Intensively housed dairy cattle are commonly regrouped (mixed into a new social group) as part of routine farm procedures. This stressful procedure triggers heightened levels of agonistic behaviors and disrupts animals' time budgets. However, little is known regarding the effects of regrouping on cattle's affective states. The aim of this study was to explore whether regrouping (involving a change in both the social and physical environment) triggers anhedonia (i.e., the reduced ability to experience pleasure) in 6-mo-old dairy heifers, a phenomenon associated with negative mood. In this study, we assessed anhedonia using changes in the use of a mechanical brush. Holstein heifers (n = 16) were trained to use a mechanical brush and then given the opportunity to individually brush for 10 min every 2 d. Time spent brushing (during a 10-min brush test) was collected before, during, and after regrouping (2-d interval) with the assumption that heifers would reduce their use of the brush during regrouping. Each heifer was individually regrouped into a new social group composed of 12 older and unfamiliar heifers and allowed access to the brush at 8 and 56 h after the onset of regrouping. Immediately after the last test, each heifer was brought back to her original pen and allowed to mingle with familiar pen-mates before being tested again 2 and 4 d later. When tested 8 h after regrouping, heifers reduced time spent brushing by 44 ± 27% (95% confidence interval: −96.18 to −41.8) compared with before regrouping; however, no differences were detected 56 h after regrouping. There was no relationship between the intensity of the decrease in brush use and any behaviors (number of agonistic interactions received, time heifers spent resting, or synchronization at the feed bunk) recorded for the 8 h immediately before testing (i.e., between 0 and 8 h and between 48 and 56 h after regrouping). These results indicate that regrouping induces anhedonia-like responses in dairy heifers on the day of regrouping. This routine procedure may thus induce negative mood in dairy heifers. This response was not related to behaviors typically collected to assess the negative effects of regrouping. Maintaining dairy cattle in stable social groups should be favored.
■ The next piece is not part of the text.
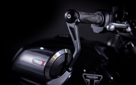 Bei dieser Trident 660 wurden neben den Lenkerenden Spiegel noch verschiedene andere Umbaumaßnahmen ausgeführt. Der Radsatz wurde komplett lackiert und mit roter Speiche versehen ! lackiert. Außerdem wurden die Hitzeschutzbleche am Abgassystem in schwarz mattiert. Die Cockpitverkleidung in Fahrzeugfarbe sieht schick aus und hält zusätzlich noch einen teil des Fahrtwind ab.

Given that cattle are gregarious and motivated for social contact (Holm et al., 2002), group housing is assumed to provide benefits (Rault, 2012). However, in some circumstances, the social environment can be the source of acute or chronic social stress (Beery and Kaufer, 2015). Some routine practices such as social mixing (also termed “regrouping” or “commingling”) may have negative effects lasting for hours to days (Arey and Edwards, 1998; Patt et al., 2012). When regrouped, dairy cattle typically engage in more aggressive behaviors directed toward new members of the group (von Keyserlingk et al., 2008).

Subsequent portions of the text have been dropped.